→ **Input data**
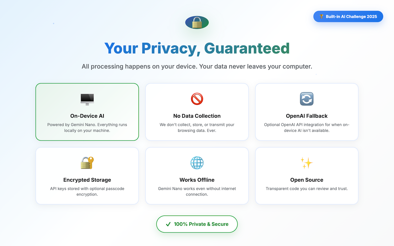 Your on-device AI browsing companion - private, fast, and built with Gemini Nano!
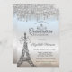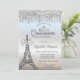 Eiffel Tower,Bow,Tiara,Drips Silver Quinceañera Invitation
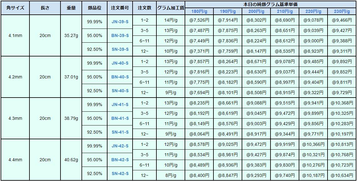 ※重量は4N純銀の比重(10.49)で計算しています。重量は計算重量のため実際の重量とは多少異なります。
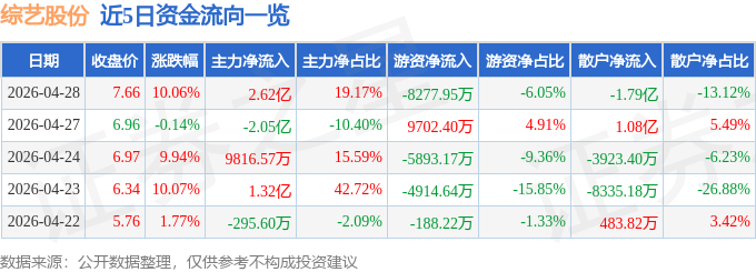 证券之星消息,综艺股份4月28日涨停收盘,收盘价7.66元。该股于9点57分涨停,未打开涨停,截止收盘封单资金为1.29亿元,占其流通市值1.29%。

→ **Work instructions**
Omit the pictures, then set down all the remaining data exactly as given.

→ **Task answer**
 Your on-device AI browsing companion - private, fast, and built with Gemini Nano!
 Eiffel Tower,Bow,Tiara,Drips Silver Quinceañera Invitation
 ※重量は4N純銀の比重(10.49)で計算しています。重量は計算重量のため実際の重量とは多少異なります。
 证券之星消息,综艺股份4月28日涨停收盘,收盘价7.66元。该股于9点57分涨停,未打开涨停,截止收盘封单资金为1.29亿元,占其流通市值1.29%。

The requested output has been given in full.